けど一瞬戻っただけで180センチに逆戻り、しかも凄まじい程に気だるく動けなくなるときた。どうやら体を元の大きさに戻すには膨大なエネルギーを消費するみたい――今の私は例えるならすぐ切れる充電池のようだ。事前に蓄えておかないと維持すら出来ないだなんてあんまりだ~。
そういえば劇中や記憶の中でも自衛隊の火炎放射や火力発電所の膨大な熱やゴジラの細胞なんかを取り込むことで進化していったんだっけか。
でもこんな大昔にそんなの無いし、思い当たるとすればマナくらいだけど取り込み方法わかんないし八方塞がりかぁ……
と、諦めてたその時、去った筈のモスラがこっちに戻ってきた。そして戻るなりモスラは私にこう言ってきた。
『先ほど一瞬見えた巨体は貴方の仕業ですね?貴方をあのまま放っておいたらこの大地に危険が迫る気がします。なので貴方を監視します』
[回想終了]
それ以来私が何かするたびにこうしてモスラは声をかけてくる様になっちゃった。暇なのかなぁ?
『話聞いてますか?』
聞いてなかったけど首を縦に振る。
『ほんとですかぁ?で、ほんとに岩食べるので?』
えっ岩!?なんで食べる話になってるのよ!!
違う違うと横に振る。
『違いますか……ふむ。まさか巣穴?』
頷く。間違ってはいないから一応――巣穴じゃなくて隠れるための洞窟だけどね。
来るべきキングギドラ襲来に備えての策が逃げることしか出来ないのが自分でも情けなくなってくる。
いや、だって逃げてればその内未来から来るモスラが何とかしてくれるじゃん?後は地上だと夜寒すぎて体内のミクロオキシゲンがやられかねないから寝床も兼ねてという事。
オキシジェン・デストロイヤー・レイやヴァリアブル・スライサーで掘削するのが一番速いんだろうなーとは思うんだけど、監視されてる手前光線なんて放ったらモスラに何されるかわかったもんじゃないので手で掘っている。私の立場ェ……
『なるほど手で掘るとはなんだかモグラみたいですね。紅いのに』
中々にうっさい。
そんなこんなで夜になっちゃった。モスラは日が暮れる前にどっかに飛んでった。ほんと暇なんだね。
しかしモスラが一々聞いてくるから作業が進まなかったじゃん。予定より4分の1位しか掘れてないし、辺りもすっかり暗くなっちゃったから今日はここまでにして寝よう、おやすみ。

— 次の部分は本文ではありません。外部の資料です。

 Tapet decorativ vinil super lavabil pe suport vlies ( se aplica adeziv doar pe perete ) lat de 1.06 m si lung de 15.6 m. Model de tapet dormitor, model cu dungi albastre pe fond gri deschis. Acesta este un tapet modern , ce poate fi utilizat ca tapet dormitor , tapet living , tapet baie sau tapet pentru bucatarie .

寝る体勢(といっても直立だが)とりながら明日はどうしようかと考えていたその矢先、非常に近場に空から強烈な閃光を発する物体が降りてきた。何事かと思い、見に行くか否か考えたが、私は好奇心に負けて見に行くことにした。
大空より飛来せりし物体は豪快な爆音とともに降り立つ。閃光が消失した先にいたのは――
あれは……キングギドラッッ!?ちょっと来るの早すぎない!?
そう、恐竜を食らいつくし、白亜紀を終焉に導いた存在、キングギドラだった。
キングギドラは閉じてた目を開け、翼を広げる。
すると3本の首を巧みに使い引力光線を吐き、周りに居た原始モスラ(幼虫)を攻撃し始めた。原始モスラ(幼虫)は糸を吐いて応戦するが当然歯が立たず次々に体液を撒き散らし爆散していく
ダメだ!力が違いすぎる……このままじゃモスラ達が……
だが、今の私は巨大化もできず、ただ見ていることしかできない……それにあのキングギドラ、私の記憶にあるキングギドラよりはるかに大きい。

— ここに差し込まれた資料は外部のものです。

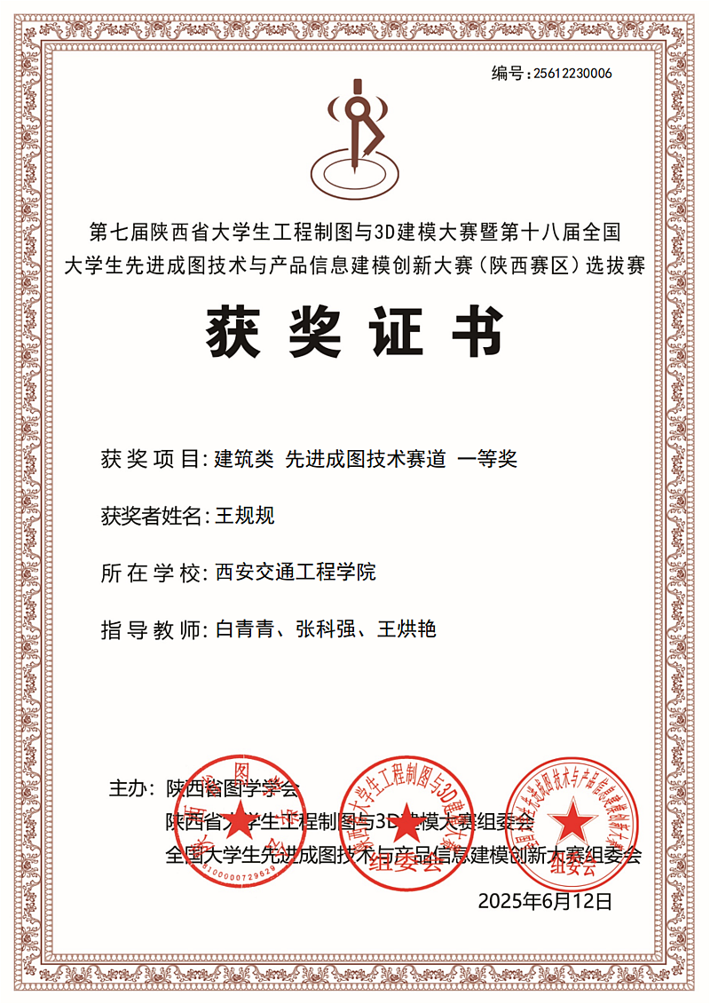 近日,由陕西省图学学会主办、西安工程大学与上海新迪数字技术有限公司联合承办的第七届“新迪杯”陕西省大学生工程制图与3D建模大赛暨第十八届全国大学生先进成图技术与产品信息建模创新大赛(陕西赛区)选拔赛圆满落幕,大赛组委会公布了获奖名单。WilliamHill土木与铁道工程学院师生组成的参赛队伍,共荣获15个奖项,其中包括团体三等奖1项,建筑类先进成图技术赛道一等奖1项、二等奖6项、三等奖4项,优秀指导教师三等奖3项。

白亜紀に出現するキングギドラは通称ヤングギドラと呼ばれてて身長が小さく引力光線も吐けない。なのにあのキングギドラは大きく、なおかつ引力光線を吐いてる。
なにか、別の要因でああなったとしか考えられない――要因……私がこの世界にいるから?
思考する間にも虐殺は続く。
それを見つめる無力な私。
その時キングギドラの後ろから何者かが体当りをした。
あれは私を監視していたモスラじゃないか!!
モスラはキングギドラを転倒させた後、後ろを向きキングギドラに強風を浴びせながら鱗粉攻撃を繰り出した。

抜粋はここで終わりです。